ORA-19505: failed to identify file "+data"
ORA-17502: ksfdcre:4 Failed to create file +data
ORA-15041: diskgroup "DATA" space exhausted

The target (source) is on ASM using OMF (Oracle Managed Files). The auxiliary (destination) is also using ASM and OMF. I looked through the rman log and found a lot of set newname commands like this:

executing command: SET NEWNAME

No filename is specified so it makes up new filenames, which are different from the previous run. So that’s why I ran out of space.

I used asmcmd to remove all of the files and reclaim the space.

Easy fix, but initially confusing.

ORA-38794: Flashback target time not in current incarnation

I got this error this morning when I attempted to flashback a standby database to an earlier time.

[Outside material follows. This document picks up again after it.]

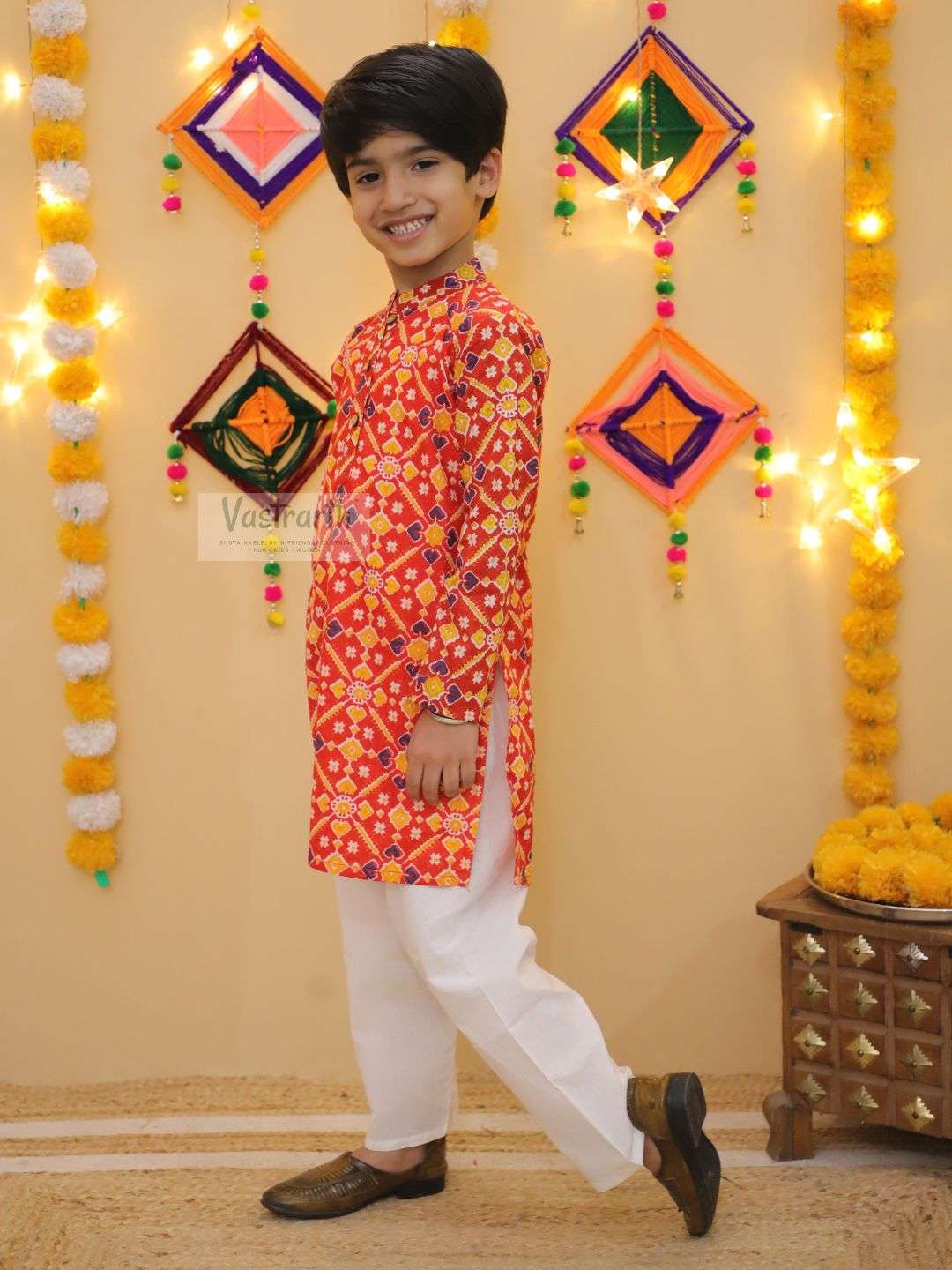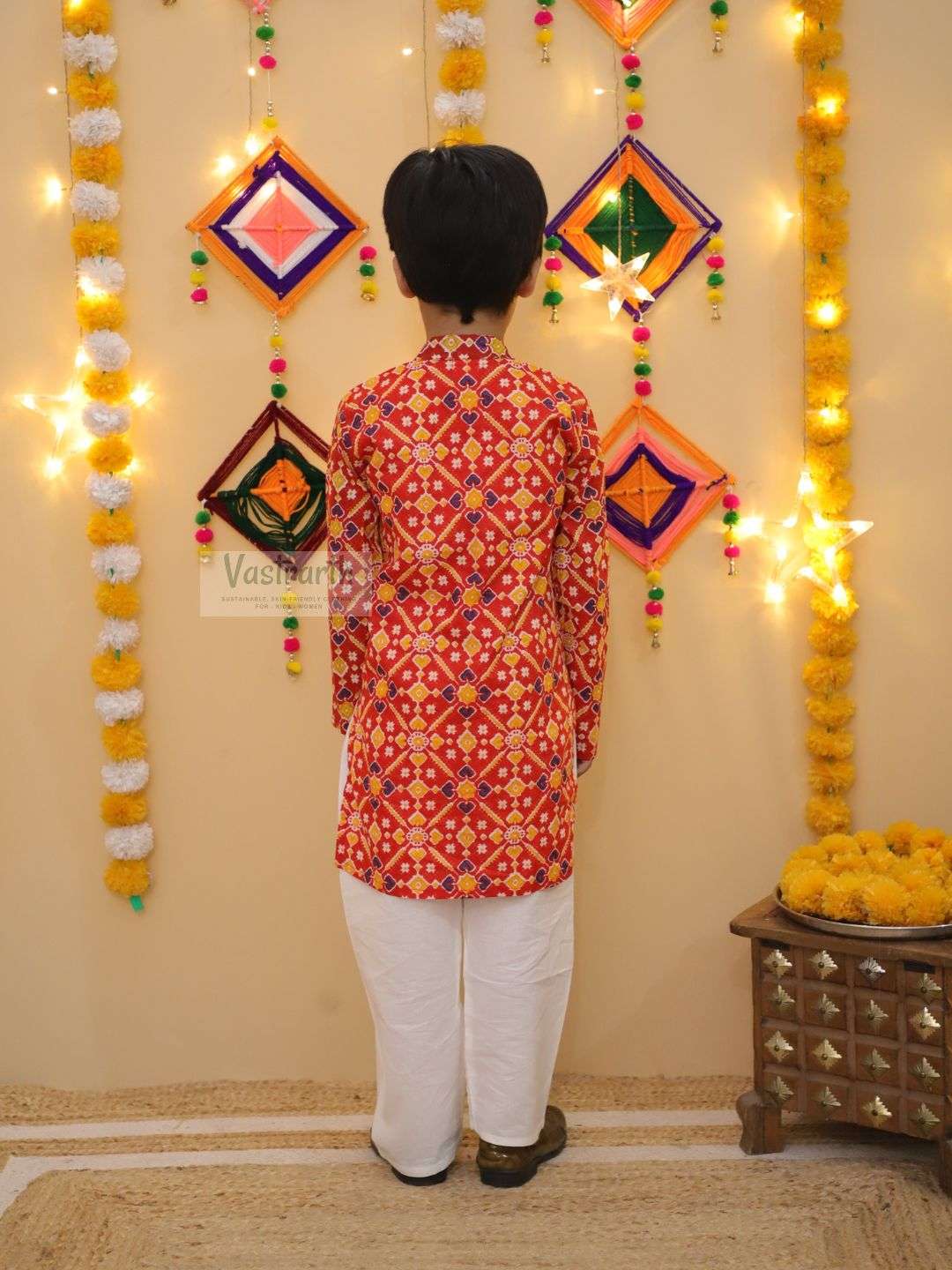 Patola Red kurta pajama- Vastrarth offers sustainable Boys Kurta Pajama Sets, designed for eco-aware families. Our collections, made from environmentally friendly fabrics, promise both luxury and durability. Perfect for weddings and cultural events, these sets provide a seamless blend of heritage style and contemporary design. Choose ethical fashion for your child’s wardrobe essentials. Colour: Red Top: Knee length kurta, Bottom: Ankle Length pant, Material & Care-Top fabric: Pure Cotton, Bottom fabric: Pure Cotton. Machine Wash with mild detergent only.

 flashback database to timestamp
   to_timestamp(’05/01/10 04:00:00′, ‘MM/DD/YY HH24:MI:SS’)
SQL> /
flashback database to timestamp
*
ERROR at line 1:
ORA-38794: Flashback target time not in current incarnation

This is Bug 6843554 – ORA-38794 during Flashback Database on Standby previously activated with Restore Point [ID 6843554.8]. It’s fixed in 11.2 but we are on 11.1.0.7. It’s caused by “orphaned incarnations” which you can see using this query:
select * from v$database_incarnation;

There is an easy work-around, flash back to the scn.
 flashback database to scn 44062315534;

Also, flashback database does a recovery so it needs the archived redo log from before the scn. We had to restore that from tape because it had already been backed up and deleted by RMAN.